- **TASK REQUIREMENTS**
Please copy exactly the part of the records below that opens with the line containing "但这并非自动实现的,它需要受" and closes with the line containing "室內消火栓的進水口應為圓柱管", leaving out any pictures.

- **SUPPLIED MATERIAL**

»»

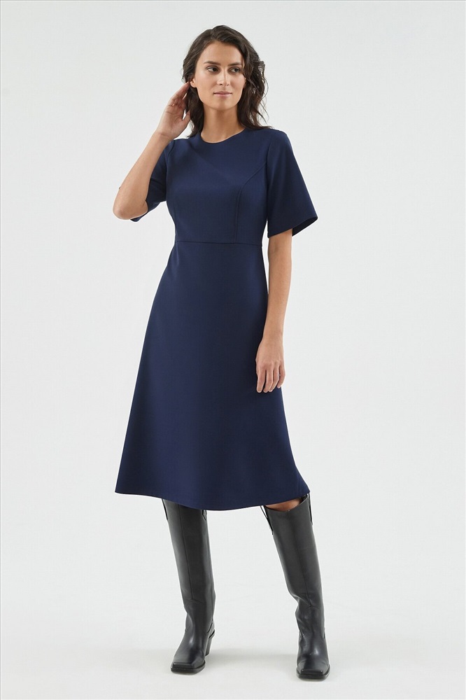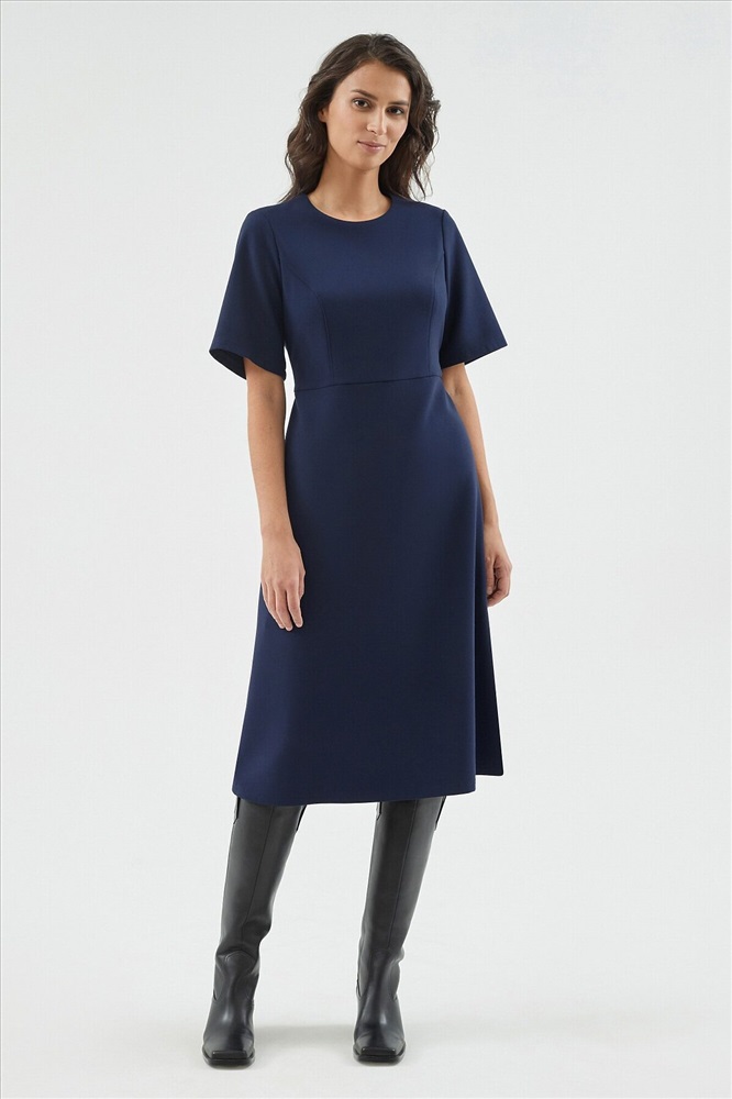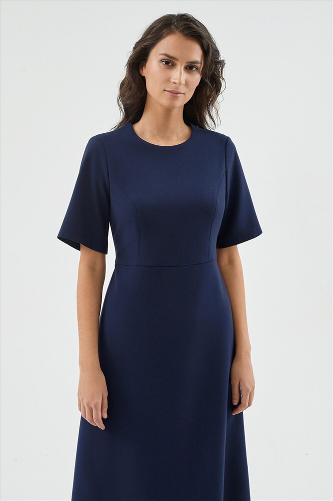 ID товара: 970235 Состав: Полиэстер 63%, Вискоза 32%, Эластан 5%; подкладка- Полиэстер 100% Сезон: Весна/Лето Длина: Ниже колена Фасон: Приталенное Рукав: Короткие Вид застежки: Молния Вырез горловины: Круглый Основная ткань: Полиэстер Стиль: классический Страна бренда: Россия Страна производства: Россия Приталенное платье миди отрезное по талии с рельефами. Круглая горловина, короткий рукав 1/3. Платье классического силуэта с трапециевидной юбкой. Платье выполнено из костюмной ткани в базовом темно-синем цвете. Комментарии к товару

««
»»

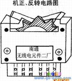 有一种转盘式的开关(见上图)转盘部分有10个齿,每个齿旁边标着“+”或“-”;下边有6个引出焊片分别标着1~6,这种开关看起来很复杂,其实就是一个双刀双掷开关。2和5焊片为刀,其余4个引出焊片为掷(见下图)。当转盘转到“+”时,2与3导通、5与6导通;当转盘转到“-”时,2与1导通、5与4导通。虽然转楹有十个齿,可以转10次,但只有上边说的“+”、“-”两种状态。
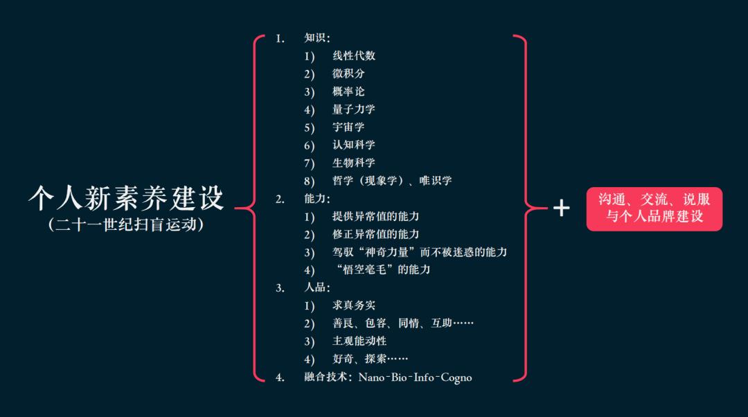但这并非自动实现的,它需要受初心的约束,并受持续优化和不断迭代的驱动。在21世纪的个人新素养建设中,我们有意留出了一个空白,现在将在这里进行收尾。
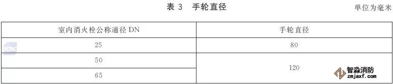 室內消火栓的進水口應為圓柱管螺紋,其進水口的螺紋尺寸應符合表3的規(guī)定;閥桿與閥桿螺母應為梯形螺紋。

««

- **ANSWER TO THE PROBLEM**
但这并非自动实现的,它需要受初心的约束,并受持续优化和不断迭代的驱动。在21世纪的个人新素养建设中,我们有意留出了一个空白,现在将在这里进行收尾。
 室內消火栓的進水口應為圓柱管螺紋,其進水口的螺紋尺寸應符合表3的規(guī)定;閥桿與閥桿螺母應為梯形螺紋。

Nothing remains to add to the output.